It depends on how you define "targets only one creature"
When you cast a spell that targets only one creature and doesn't have a range of self [...] To be eligible, a spell must be incapable of targeting more than one creature at the spell’s current level.
To answer this, we need to drill down and answer thoroughly what a "target" is in 5th edition D&D.
The Crawford School of Linguistics proudly declares NO!
Jeremy Crawford specifies that spells like Dragon's Breath, for example, "can affect more than one creature", and is therefore ineligible for being Twinned. This implies that to Crawford, a spell "targets" anything it can affect. So in this reading, Hex, being able to "affect" more than one creature, is ineligible to be twinned.
The Formal Reading of Spellcasting Targets begets Confusion and Ambiguity
In the Player's Handbook, Chapter 10 "Spellcasting", subsection "Targets", the concept of a spell's targets is described like this:
A typical spell requires you to pick one or more targets to be affected by the spell's magic. A spell's description tells you whether the spell targets creatures, objects, or a point of origin for an area of effect (described below).
So here's how I read this:
I go to cast Dragon's Breath. Dragon's Breath targets one creature: the creature I'm placing the "buff" upon. The "buff" on that creature permits it to deal an AOE damage effect, but at no point during the casting of the spell did I, the person casting the spell, target more than one person.
Therefore, the spell targeted only one person, and is eligible for being Twinned.
But this wouldn't make Hex eligible, because you choose the secondary/tertiary targets
Under this reading, the spell only becomes eligible if the spell itself does not target an additional creature. Hex still grants the ability to target an additional creature (and specifically grants this capability to the caster) so it remains ineligible
The School of Simultaneity Issues an Injunction and says YES! (but isn't very convincing)
Hex might be able to affect more than one creature, but it only affects one creature at any given time. One possible reading of Twinned Spell is to argue that because Hex cannot affect multiple creatures at once, it is therefore eligible to be Twinned.
This is a bit of a stretch though, because it requires a very specific interpretation of "targets only one creature" to infer "at once" at the end.
The School of Postmodernism asks: what even is a "target", really?
Does Hex "target" a single creature, and all other effects are tertiary and not "targets", or does Hex "target" a single creature, and then "target" a second creature, and then "target" a third creature? Does "target" require the word "target" to actually appear in the spell description when specifying secondary effects, or does the phrase "you can use a bonus action on a subsequent turn of yours to curse a new creature" imply the spell is not "targeting" another creature? Does the word "target" seem weird to anyone else? Are words even real? Does anything actually exist?

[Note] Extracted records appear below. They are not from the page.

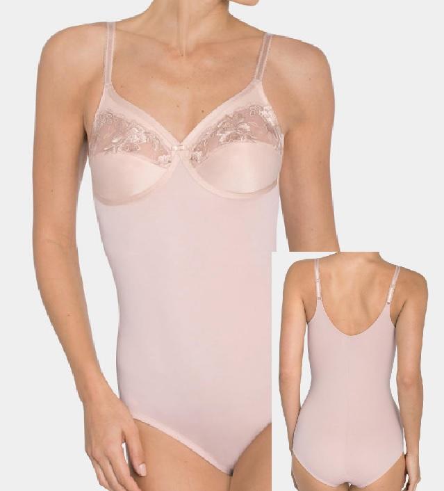 Body din material usor, fara balene, avand sutieul fara armatura, cupele fara burete din material simplu si broderie in jumatatea superioara. Bretelele sunt reglabile, inchiderea se face intre picioare.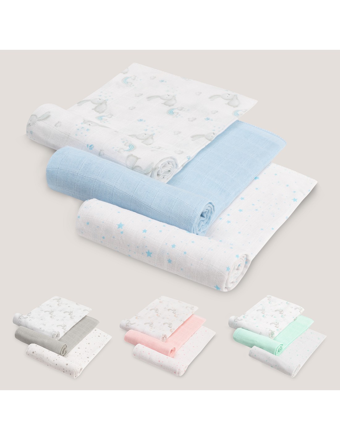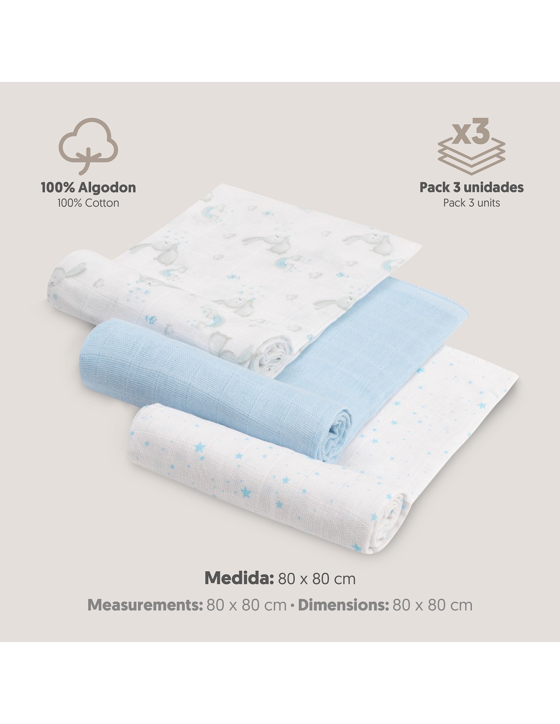 PACK DE 3 .Gasa fabricada en algodónl, tacto extrasuave, transpirable para el confort de tu bebe en verano, muy útil tanto para dar el pecho, como para el carrito de paseo y acomodarle por la noche.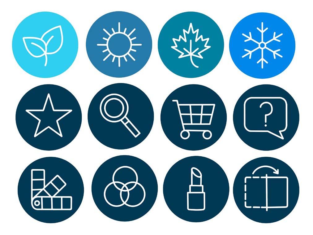 This seasonal color wheel was designed to show the relationships between the 12 different subseasons varying in temperature (warm vs. cool) and intensity.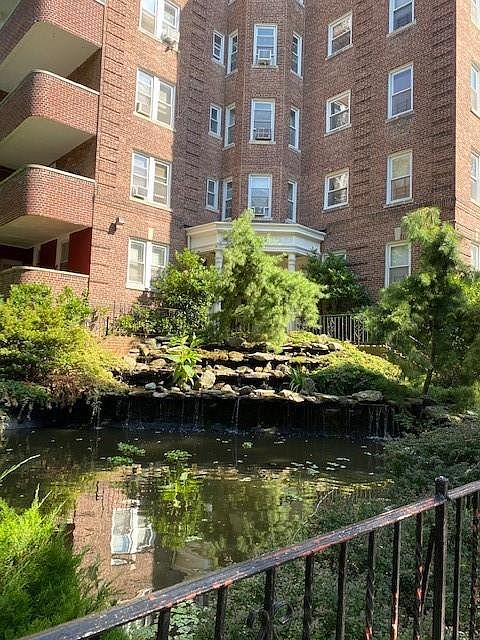 The gorgeous Waterfall Apartments are named for the tranquil garden and waterfall at the front of this six story elevator co-op; but the apartments inside are sought after for the gracious size, views and convenient location. This is a studio apartment with nice size living area, bathroom the window, kitchen with the window . The Waterfall Apartments have parking and storage available in the building(reasonable charge) and are located in a green leafy enclave of lovely townhouses just one block from the Express Q Train.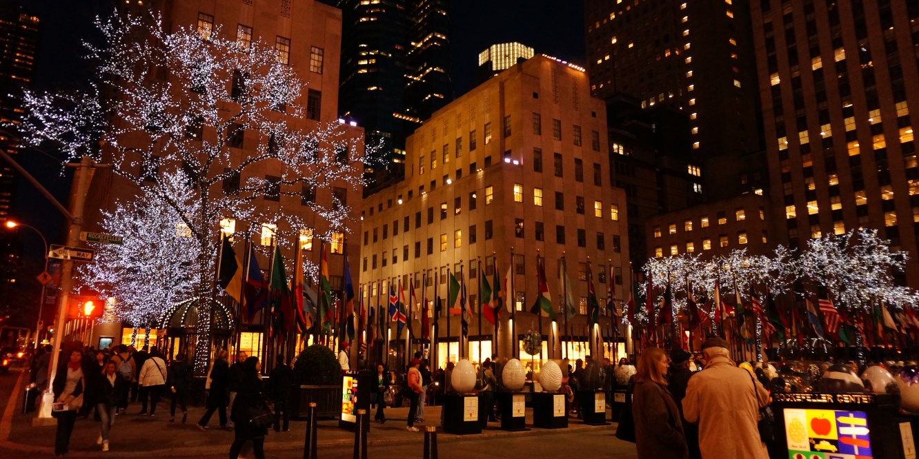 Et voici enfin quelques photos du Rockfeller Center où je suis retournée ce soir exprès pour ça ! Alors pour résumer, le Rockfeller est un grand building de New York, d’où on peut avoir une magnifique vue, parait-il, et à son pied, se trouve une grande place avec une patinoire en hiver (enfin jusque début avril), et plusieurs magasins spéciaux, comme la boutique Lego ou la boutique Nintendo. C’est aussi là, que se trouve le grand marché de Noël de New York qui est vraiment superbe apparemment.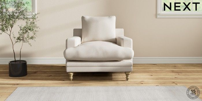 6.12.1 Buy Hutton Deep Relaxed Sit Armchair Chenille Stripe Natural Country Turned - Light from the Next UK online shop Click here to use our accessible website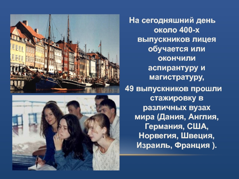 Слайд 36На сегодняшний день около 400-х выпускников лицея обучается или окончили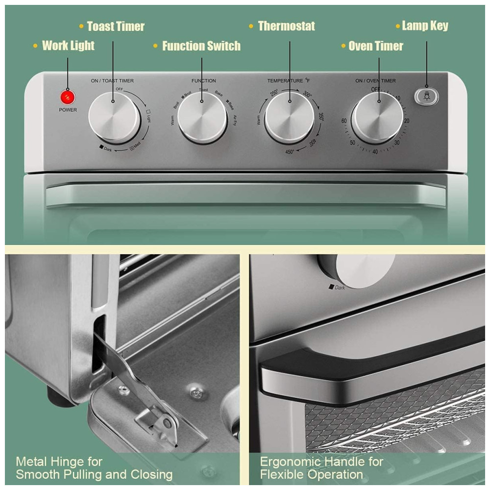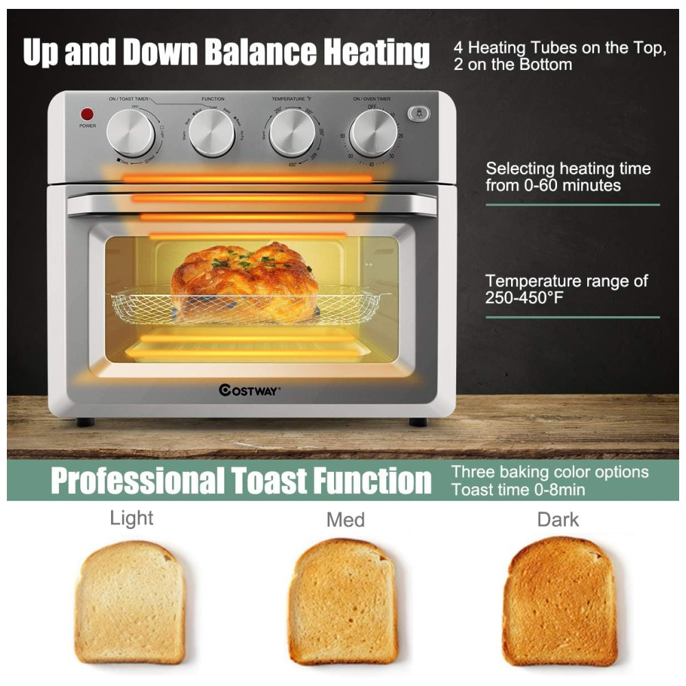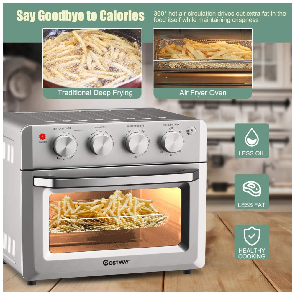 O Forno Air Fryer COSTWAY TO5712A combina versatilidade, eficiência e design moderno para transformar sua cozinha. Com capacidade de 18 litros e 7 funções de preparo, ele é perfeito para atender às suas necessidades culinárias, oferecendo pratos saudáveis e saborosos. Seu acabamento em aço inoxidável e controles intuitivos garantem praticidade e sofisticação no uso diário. Ideal para quem busca um equipamento funcional e elegante para a cozinha!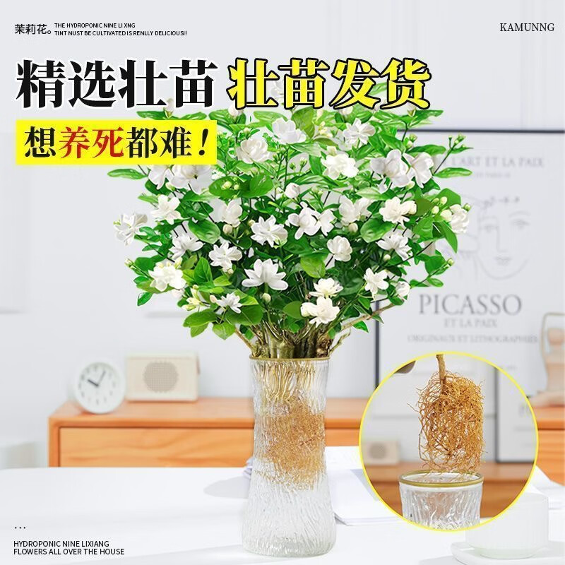 Purify the air, potted jasmine with strong fragrance, indoor hydroponics, repellent mosquitoes, good for growing green plants and flowers in all seasons, recommended model, 15 days of fragrance, 6 jasmines, more fragrant than perfume, blooming in all seasons, mosquito repellent, strong fragrance, A-grade jasmine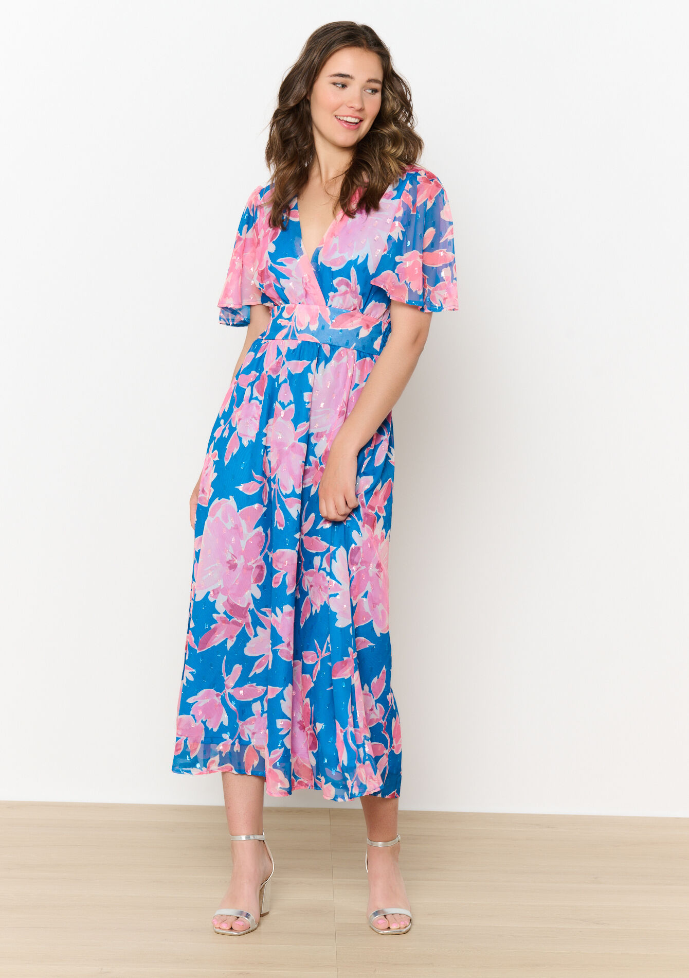 Light and lovely, this floral dress flatters with a cinched waist and flowing silhouette. A romantic pick for sun-drenched days and effortless elegance.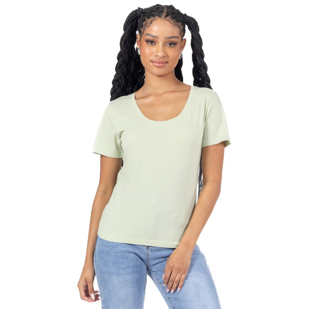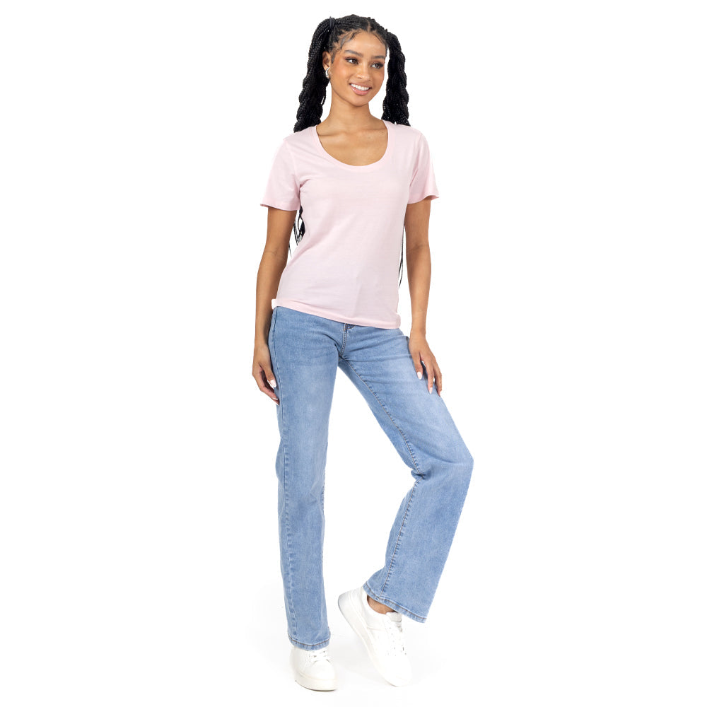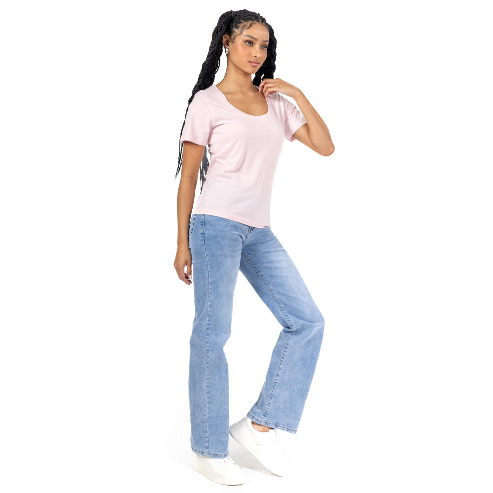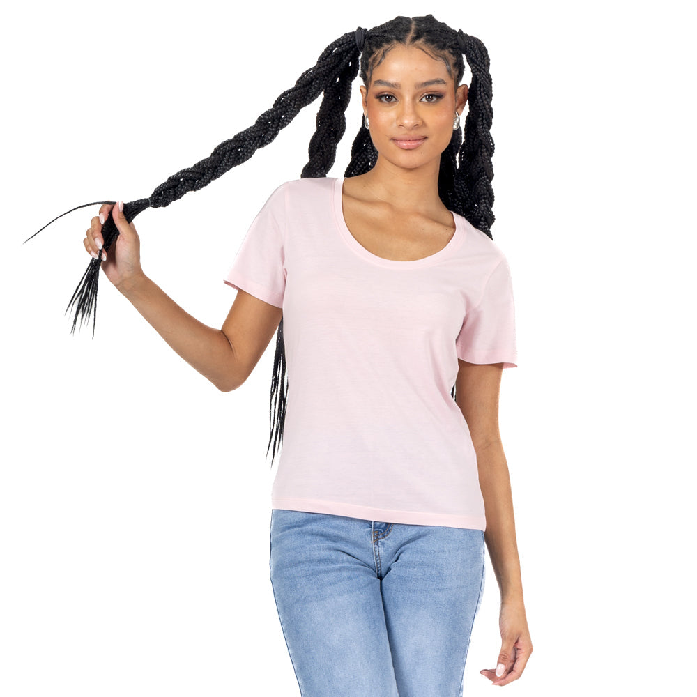 🔥 Tu go-to de diario: la Playera básica con cuello escotado en tono rosa suave le da un toque femenino y fresh a cualquier outfit, sin esfuerzo.

The School of Pragmatism says: Probably not
Relaxing the definition of "target" to mean "anything affected by a spell" is, to me, a bad precedent, which is why I do not agree with Crawford's ruling on Dragon's Breath, or on a large number of other spells potentially valid/invalid for being Twinned. I suspect this may have been made on Balancing implications, not on clarity/conciseness implications, but to me, when I target a spell, I choose whom it applies to.
At the time I cast Hex, I'm targeting one creature. At some later point, I can transfer the spell by targeting someone else. So I think it's fair to say that ultimately, Hex cannot be a valid spell to be Twinned. But other spells like Haste, Dragon's Breath, etc. where I'm only "choosing" a single creature to be affected, should be valid targets, even if the outcome of their effects is to affect more than one creature.